Understanding Automatic Music Generation:


Automatic Music Generation is a method for creating a brief piece of music with minimal human input. Mozart devised it in 1787 when he presented a Dice Game for generating random sound selections and personally produced roughly 272 tones. 


Musical Grammar encompasses the information required for the right arrangement and combining of musical sounds, as well as the proper performance of musical works; it was also used to create music.


Iannis Xenakis employed the notions of statistics and probability to produce music in the early 1950s, which became known as Stochastic Music. He described music as an accidental succession of components. As a result, he used stochastic theory to formulate it. His random element selection was entirely based on mathematical notions.

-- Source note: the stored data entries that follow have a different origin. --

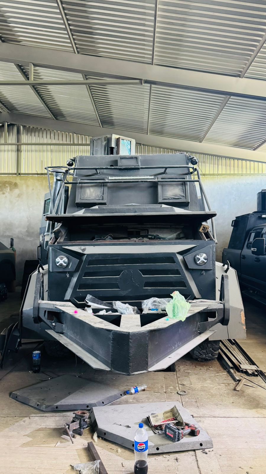 Se explicó que los vehículos asegurados se encontraban en proceso de fabricación para ser equipados con un blindaje improvisado.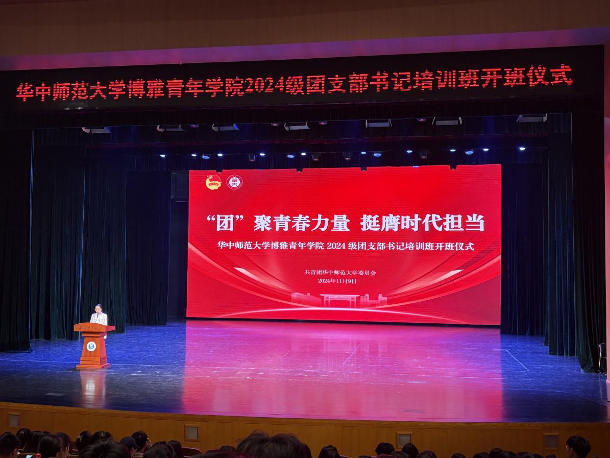 11月9日,9999js金沙老品牌博雅青年学院2024级团支部书记培训班开班仪式在大礼堂举行。校团委书记苏晓刚出席并做总结讲话,校团委组织部部长杨颖佳简要介绍培训流程安排,马克思主义学院2024级团支部书记何影作为学员代表发言,校团委副书记(学生)陈晨带领参训学员重温入团誓词。物理科学与技术学院团委书记刘瑾芮、9999js金沙老品牌团委书记吴波及学校2024级全体团支部书记参加开班仪式。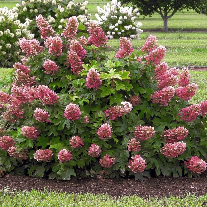 Очаровательная гортензия дуболистная Аметист отличается от других видов формой листовой пластинки, похожей на листья дуба или хризантемы. Оригинальная листва подчеркивает милую прелесть крупных цветочных кистей, которые трижды меняют свою окраску: при роспуске бутонов – цветы белые; в конце цветения – розоватые; в начале осени – пурпурные.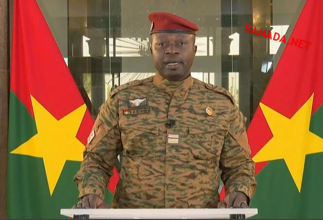 (FILES) In this file grab of a handout video released by Radiodiffusion Télévision du Burkina" on January 27, 2022 the leader of Burkina Faso's new military junta Paul-Henri Sandaogo Damiba speaks during a televised address, three days after the overthrow of Burkina Faso's president. Damiba has been declared President by the Constitutional Council, AFP reports on February 10, 2022. - RESTRICTED TO EDITORIAL USE - MANDATORY CREDIT "AFP PHOTO /Radiodiffusion Télévision du Burkina" - NO MARKETING - NO ADVERTISING CAMPAIGNS - DISTRIBUTED AS A SERVICE TO CLIENTS (Photo by RADIODIFFUSION TéLéVISION DU BURKINA / AFP) / RESTRICTED TO EDITORIAL USE - MANDATORY CREDIT "AFP PHOTO /Radiodiffusion Télévision du Burkina" - NO MARKETING - NO ADVERTISING CAMPAIGNS - DISTRIBUTED AS A SERVICE TO CLIENTS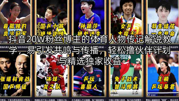 抖音20W粉丝博主的体育人物传记解说教学,易引发共鸣与传播,轻松撸伙伴计划与精选独家收益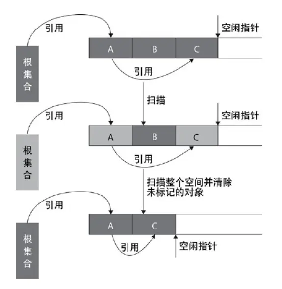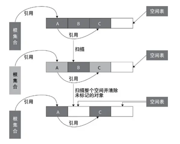 标记—清除算法是最基础的收集算法,为了解决引用计数法的问题而提出。它使用了根集的概念,它分为“标记”和“清除”两个阶段:首先标记出所需回收的对象,在标记完成后统一回收掉所有被标记的对象,它的标记过程其实就是前面的根搜索算法中判定垃圾对象的标记过程。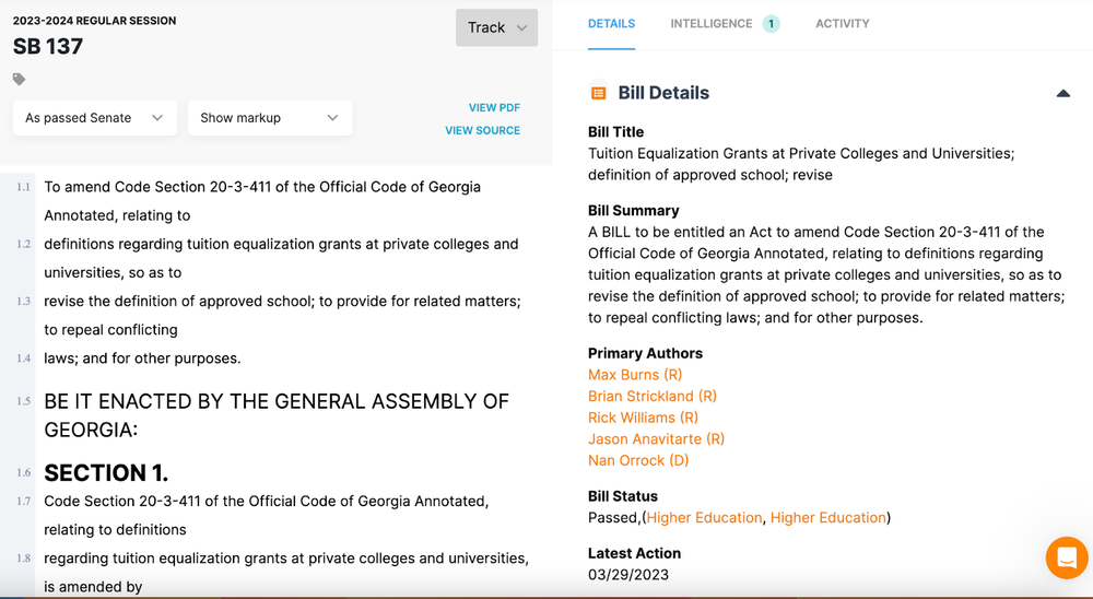 Plural’s best-in-class data makes it easy to find information about any bill that’s been introduced in the most current and recent sessions of all 50 U.S state legislatures, the U.S. Congress, Puerto Rico and the District of Columbia. In addition to providing full bill text complete with line numbers, Plural’s bill detail pages include the bill’s number and title, author and co-sponsor, originating committee information and a summary of key actions that were taken on the bill.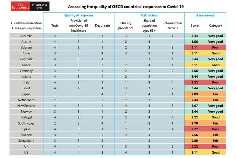 Economist Intelligence Unit (EIU), la unidad de análisis de la prestigiosa publicación The Economist, comparó el desempeño de Chile en relación a la pandemia de coronavirus, con países como EE.UU. y Francia, superando además al Reino Unido, Italia, España y Bélgica, entre 21 países OCDE.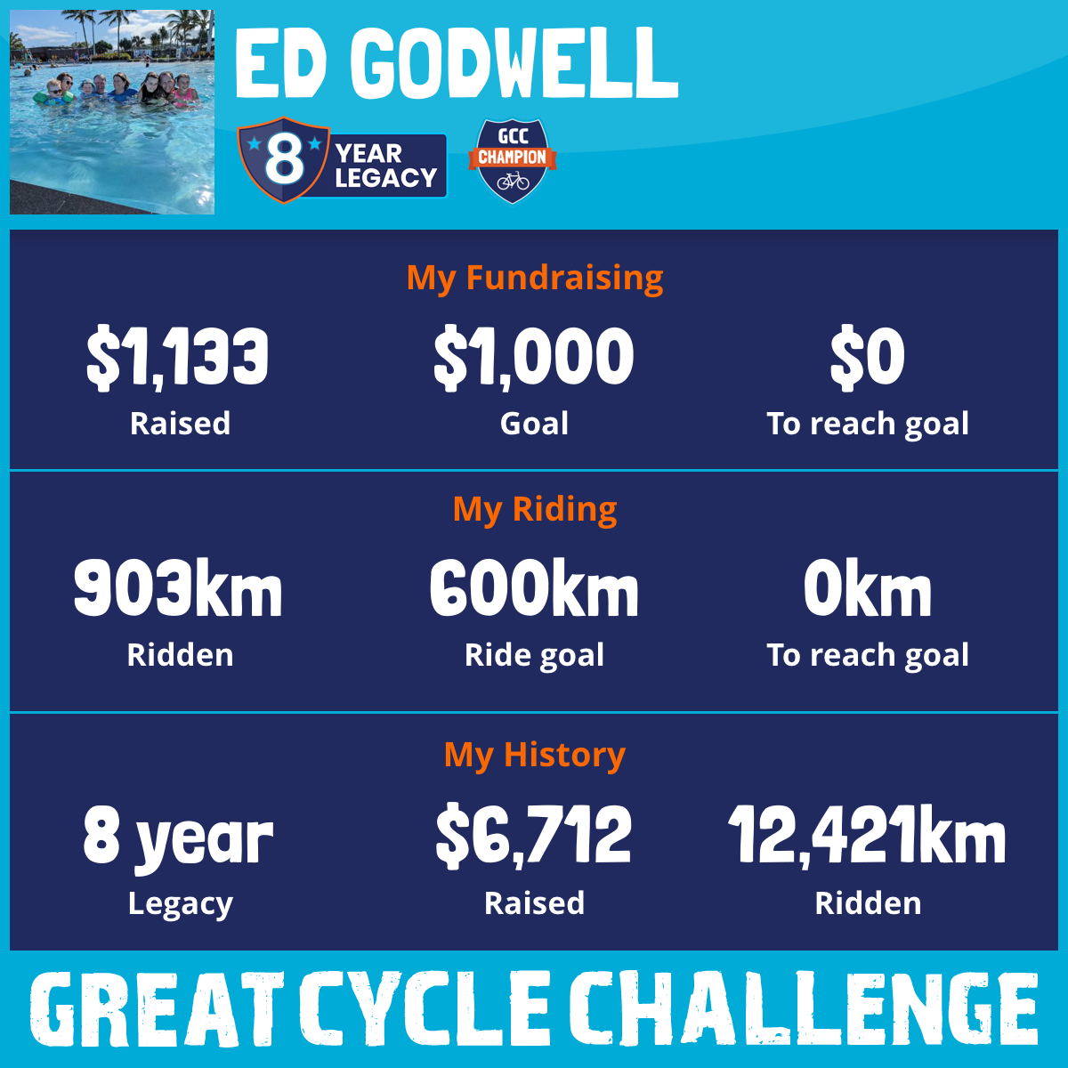 And so I am riding and raising funds to support the Children's Medical Research Institute to continue their work into the prevention, diagnosis, treatment and finding a cure for childhood cancer.

Deep Learning architectures have recently become the standard for Automatic Music Generation. We'll mainly talk about deep learning architectures that can aid with music production.


Studying Deep Learning Architectures for Music Composition:


We went through a very detailed article written by towards data science on deep learning architectures. When we are talking about deep learning models that deal with music composition and texture, the most common of the lot is WaveNet. 


Wavenet is a generative waveform architecture developed by DeepMind, a London-based artificial intelligence firm, in 2016. It operates primarily through convolutional neural networks. 


WaveNet's major goal was to synthesize each audio sample using convolutional filters that work on the waveform domain directly. As a result, it's called a Generative Model. Wavenet is similar to an NLP language model. 


It was mostly used for speech synthesis and text-to-speech tasks. This is why the vast majority of open-source implementations rely on training on the VCTK Dataset or something similar, which is a collection of recordings of English speakers.


(Recommended read: Music Genre Classification Using Machine Learning)


Another architecture that generates music is Google Magenta. It's an open-source research project that looks into the function of machine learning as a creative tool. 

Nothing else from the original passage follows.